MATERIALS PROVIDED

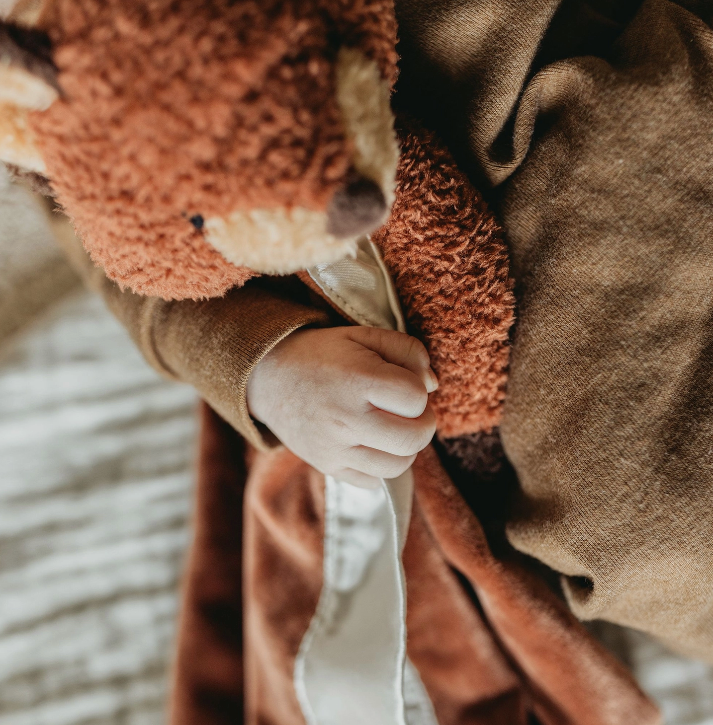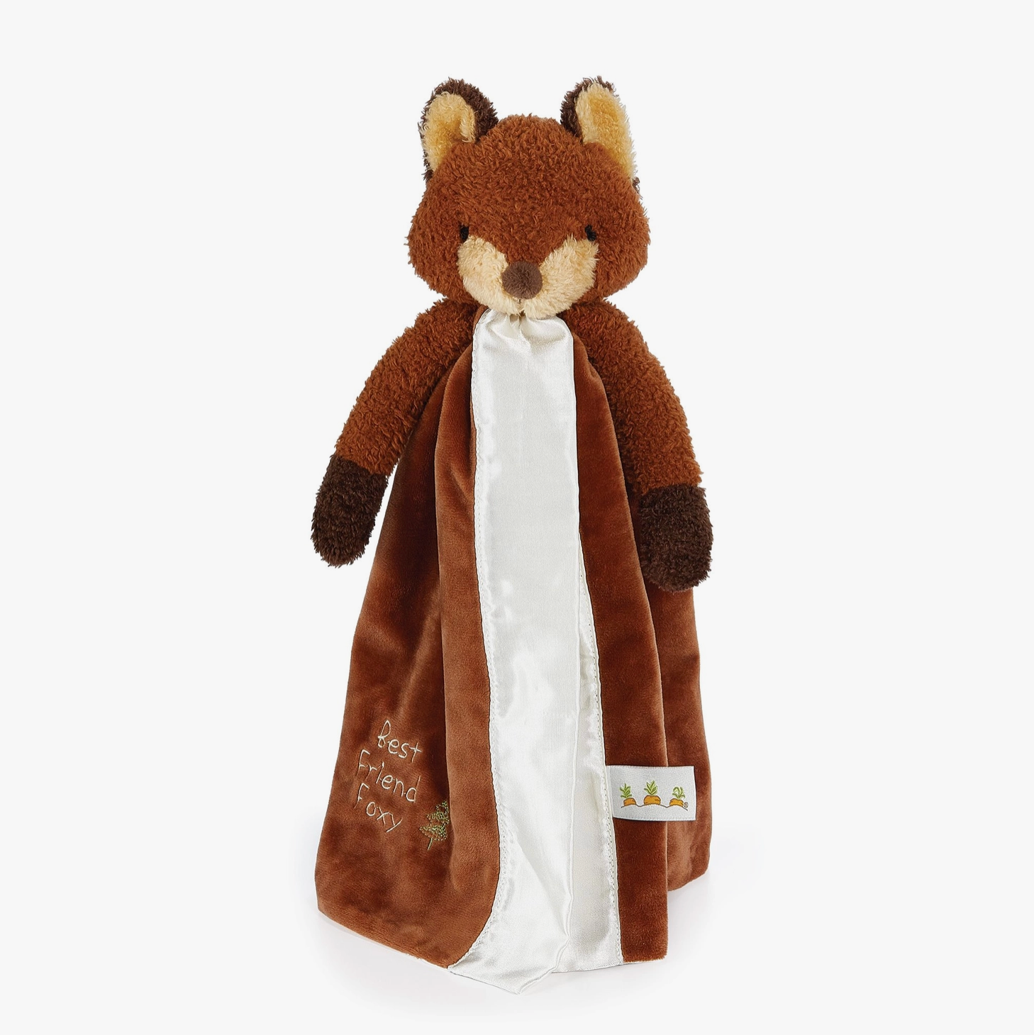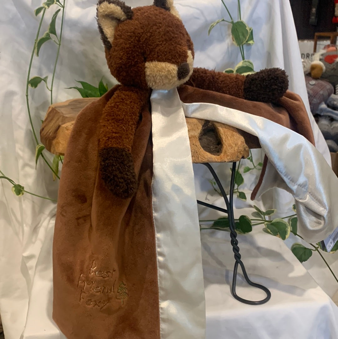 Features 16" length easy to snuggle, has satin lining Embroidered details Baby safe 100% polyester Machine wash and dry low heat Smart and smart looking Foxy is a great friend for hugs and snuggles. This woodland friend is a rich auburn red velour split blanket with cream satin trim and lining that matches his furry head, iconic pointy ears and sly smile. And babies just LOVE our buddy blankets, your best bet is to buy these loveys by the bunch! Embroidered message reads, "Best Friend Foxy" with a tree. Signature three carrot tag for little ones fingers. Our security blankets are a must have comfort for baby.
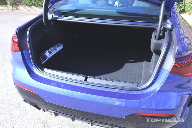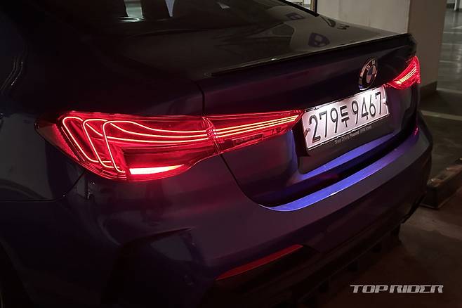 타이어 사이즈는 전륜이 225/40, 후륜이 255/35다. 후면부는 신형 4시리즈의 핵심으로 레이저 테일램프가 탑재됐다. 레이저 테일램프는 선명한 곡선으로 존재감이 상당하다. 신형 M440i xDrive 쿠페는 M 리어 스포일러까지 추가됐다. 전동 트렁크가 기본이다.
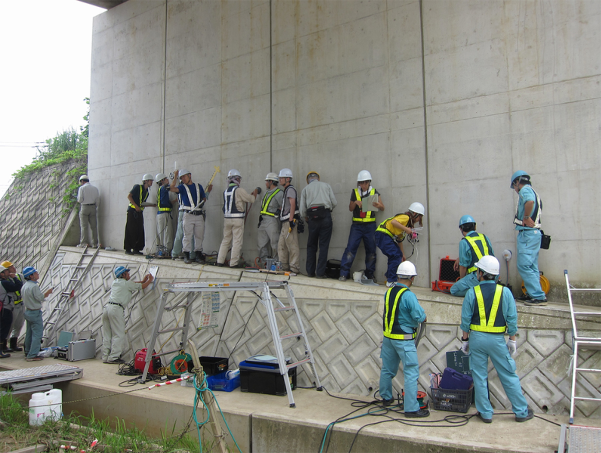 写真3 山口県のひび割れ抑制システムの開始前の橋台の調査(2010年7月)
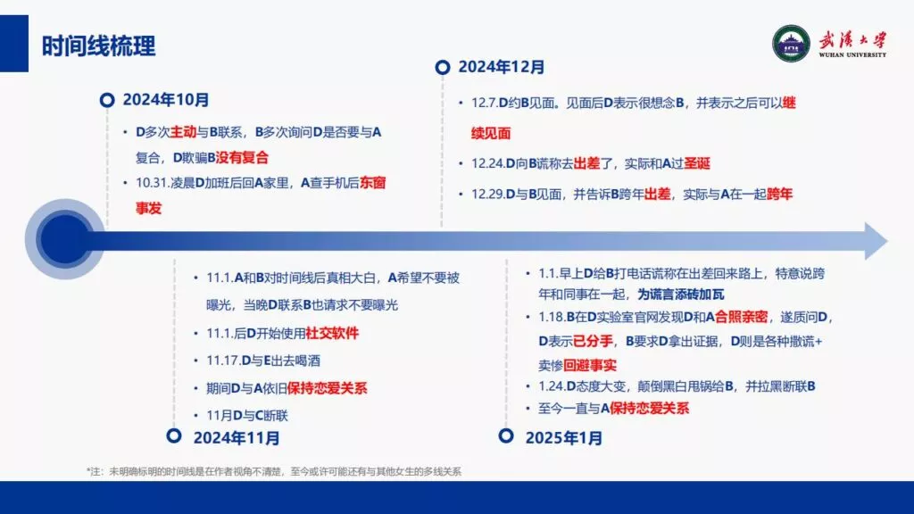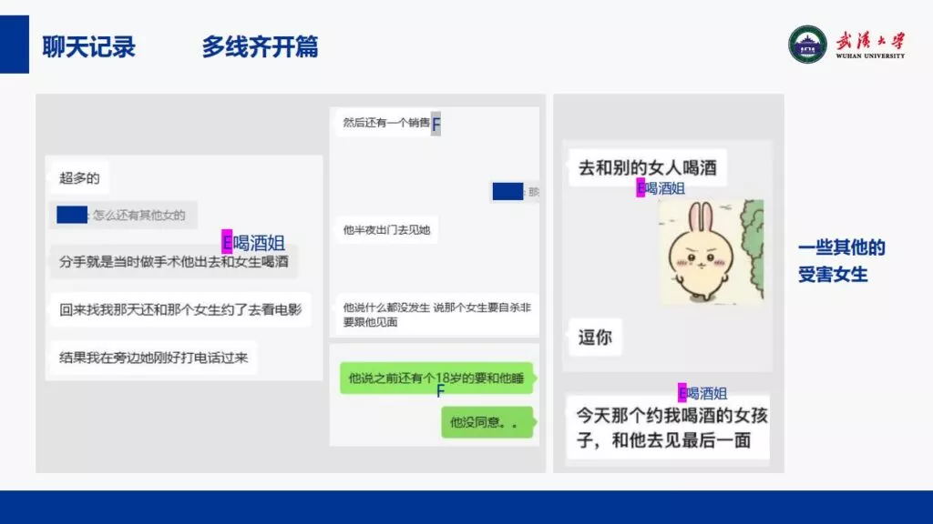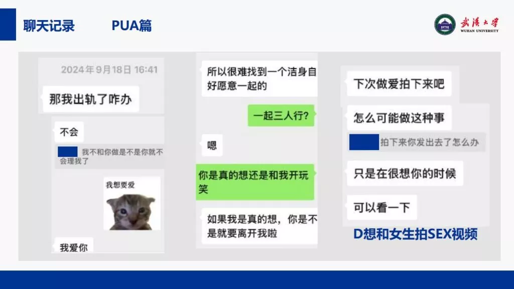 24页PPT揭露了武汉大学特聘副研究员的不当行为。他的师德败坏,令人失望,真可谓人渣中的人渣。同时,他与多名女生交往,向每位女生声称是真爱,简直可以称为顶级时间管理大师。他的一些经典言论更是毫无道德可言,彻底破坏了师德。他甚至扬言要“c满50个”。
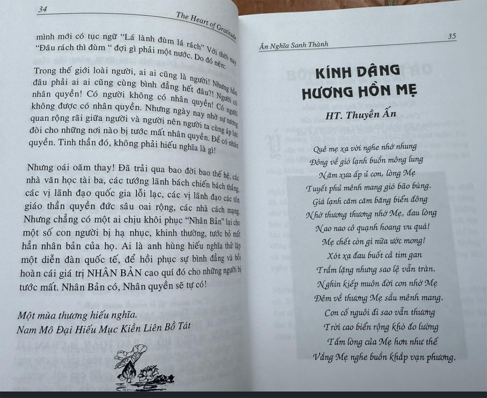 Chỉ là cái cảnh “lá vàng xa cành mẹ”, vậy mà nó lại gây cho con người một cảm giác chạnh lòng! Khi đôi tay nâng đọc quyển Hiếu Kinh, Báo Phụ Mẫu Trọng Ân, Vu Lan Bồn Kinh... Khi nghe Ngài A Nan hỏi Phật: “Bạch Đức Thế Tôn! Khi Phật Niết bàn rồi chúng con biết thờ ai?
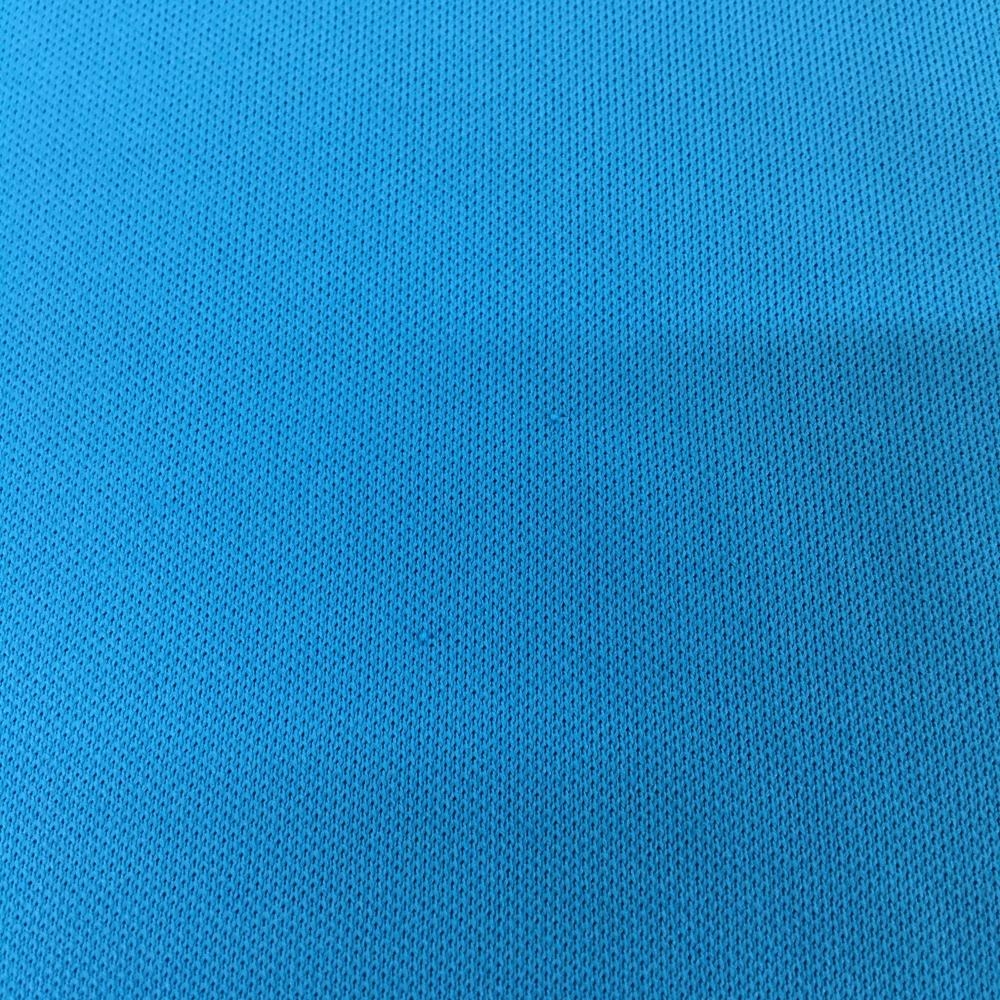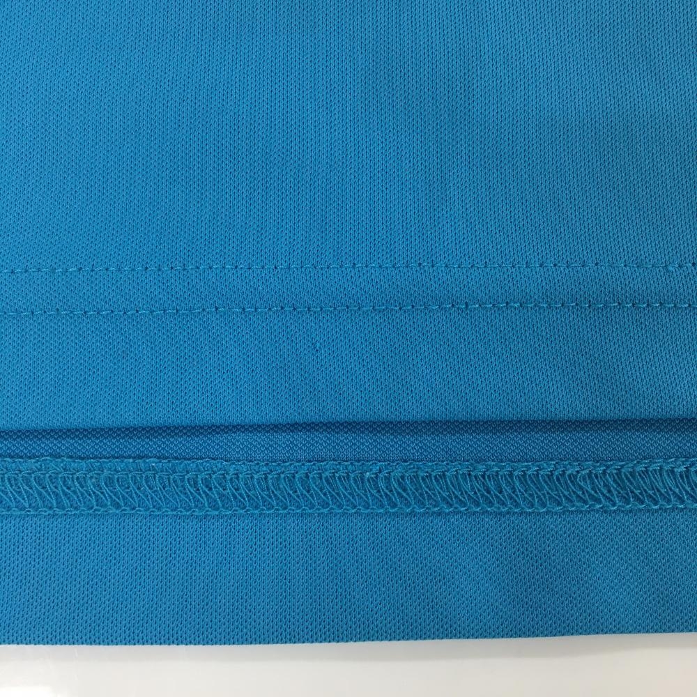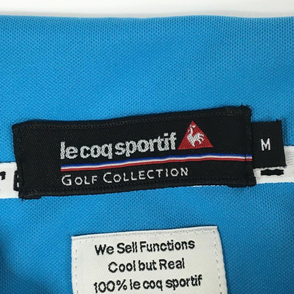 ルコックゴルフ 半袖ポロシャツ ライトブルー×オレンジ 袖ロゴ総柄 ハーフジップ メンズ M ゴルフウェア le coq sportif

ABOUT THIS EXERCISE
Each line from the one containing "写真3 山口県のひび割れ抑制システムの開始前の橋台の調査(2010年7月)" through the end of the listing is to be set down exactly, with all pictures left out.

THE ANSWER
 写真3 山口県のひび割れ抑制システムの開始前の橋台の調査(2010年7月)
 24页PPT揭露了武汉大学特聘副研究员的不当行为。他的师德败坏,令人失望,真可谓人渣中的人渣。同时,他与多名女生交往,向每位女生声称是真爱,简直可以称为顶级时间管理大师。他的一些经典言论更是毫无道德可言,彻底破坏了师德。他甚至扬言要“c满50个”。
 Chỉ là cái cảnh “lá vàng xa cành mẹ”, vậy mà nó lại gây cho con người một cảm giác chạnh lòng! Khi đôi tay nâng đọc quyển Hiếu Kinh, Báo Phụ Mẫu Trọng Ân, Vu Lan Bồn Kinh... Khi nghe Ngài A Nan hỏi Phật: “Bạch Đức Thế Tôn! Khi Phật Niết bàn rồi chúng con biết thờ ai?
 ルコックゴルフ 半袖ポロシャツ ライトブルー×オレンジ 袖ロゴ総柄 ハーフジップ メンズ M ゴルフウェア le coq sportif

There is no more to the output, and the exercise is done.